Exact copy, no pictures: output each line below as it stands.

# Data segment
■ ■ ■ ■ ■

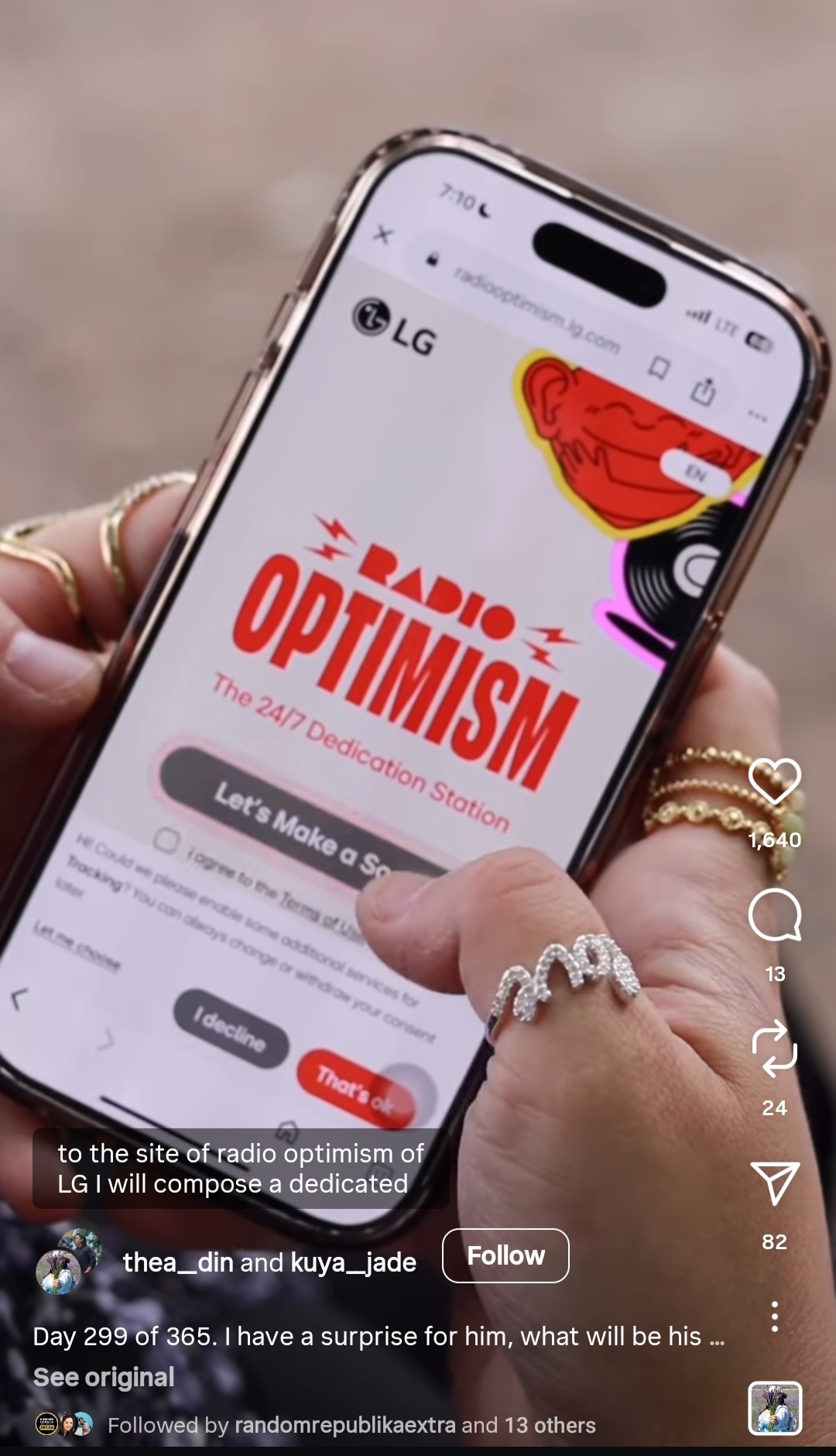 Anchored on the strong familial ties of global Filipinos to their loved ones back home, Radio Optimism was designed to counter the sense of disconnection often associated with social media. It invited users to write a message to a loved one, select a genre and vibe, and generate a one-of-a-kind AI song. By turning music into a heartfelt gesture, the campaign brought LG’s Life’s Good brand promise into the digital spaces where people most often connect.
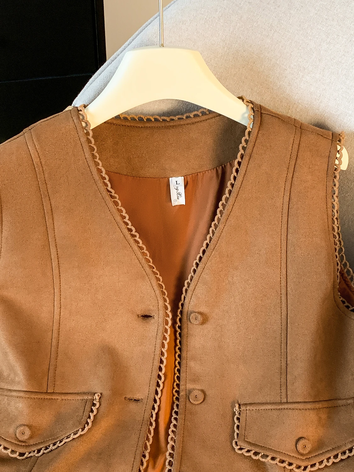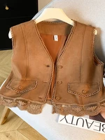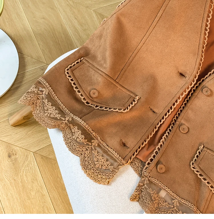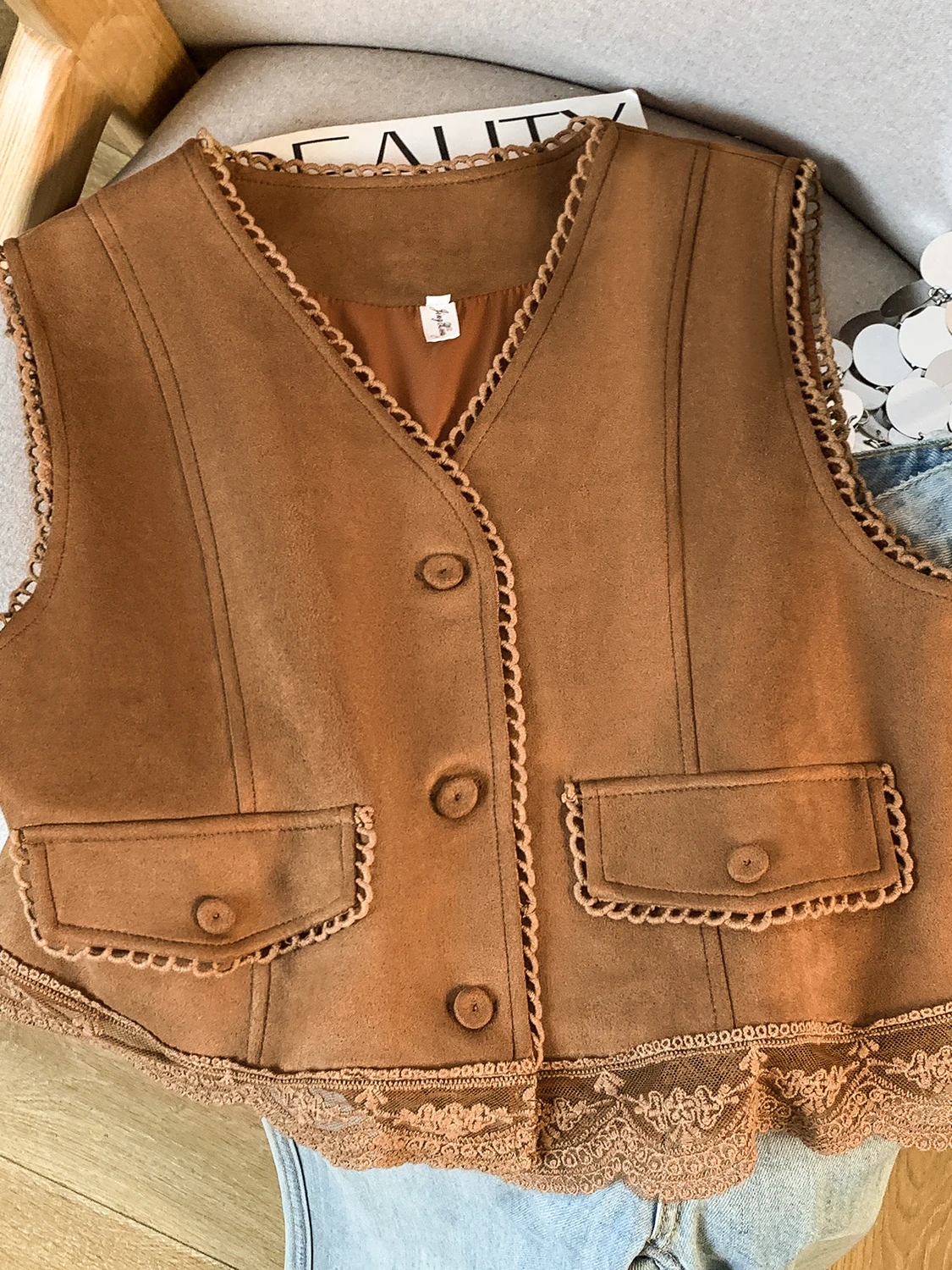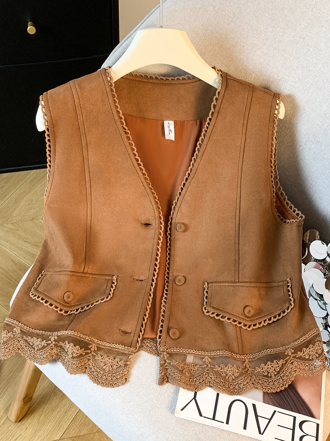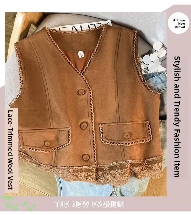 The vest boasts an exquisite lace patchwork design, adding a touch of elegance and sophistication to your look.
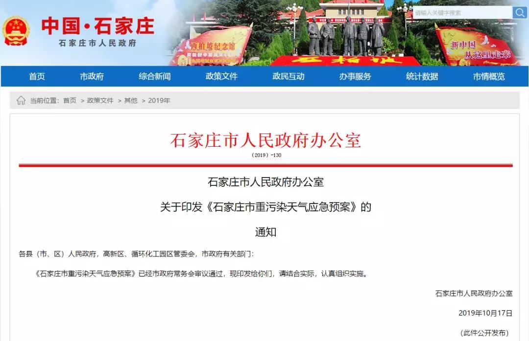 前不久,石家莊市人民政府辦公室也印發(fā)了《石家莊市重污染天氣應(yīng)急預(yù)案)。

■ ■ ■ ■ ■

# Output of the task
 Anchored on the strong familial ties of global Filipinos to their loved ones back home, Radio Optimism was designed to counter the sense of disconnection often associated with social media. It invited users to write a message to a loved one, select a genre and vibe, and generate a one-of-a-kind AI song. By turning music into a heartfelt gesture, the campaign brought LG’s Life’s Good brand promise into the digital spaces where people most often connect.
 The vest boasts an exquisite lace patchwork design, adding a touch of elegance and sophistication to your look.
 前不久,石家莊市人民政府辦公室也印發(fā)了《石家莊市重污染天氣應(yīng)急預(yù)案)。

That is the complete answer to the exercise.